Phil Carr-Harris

Profile
- Positions: Halfback, Guard, T

Personal information
- Died: March 16, 1993 Toronto, Ontario, Canada
- Listed height: 5 ft 11 in (1.80 m)
- Listed weight: 195 lb (88 kg)

Career history
- 1945–1947, 1949: Toronto Argonauts

Awards and highlights
- Grey Cup champion (1945, 1946, 1947);

= Phil Carr-Harris =

Canadian football player

Philip Gordon Robert Carr-Harris (died January 16, 1993), nicknamed Beef, was a Canadian football player who played for the Toronto Argonauts for four seasons over five years, which was also his entire professional football career. Carr-Harris won the Grey Cup with Toronto in 1945, 1946 and 1947, which also were the first three of his four years on the club roster. For his first two years with the club, he was a halfback. In his third year, he was both a guard and a tackle. He was not on the roster in 1948, but returned in 1949, as a halfback. His jersey number was 60.

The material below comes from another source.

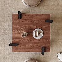 Дизайнерский журнальный стол из натурального дерева с квадратной столешницей и массивными ножками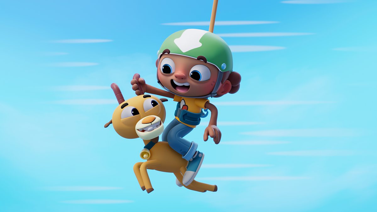 Mae Mojo a Bo yn hedfan yn uchel i hel dail blasus, ond mae gan yr afr syniadau eraill! Mojo and Bo fly high for yummy leaves, but a stubborn goat has other ideas.

In his first year with the Argonauts, in 1945, Carr-Harris played in four of the six regular season games. In 1946, Carr-Harris played in only one of twelve regular season games, having been injured early in the season in a game against the Hamilton Tigers, as the team was then known. In 1947, Carr-Harris played in eleven of twelve regular season games. Upon his return to the team roster in 1949, following a one-year hiatus, Carr-Harris only played in one of the twelve regular season games.

While included as a member of the 1947 winning team, Carr-Harris had to miss the 1947 Grey Cup game, due to examination obligations in relation to becoming a Chartered Accountant.

In 1993, Carr-Harris died of cancer.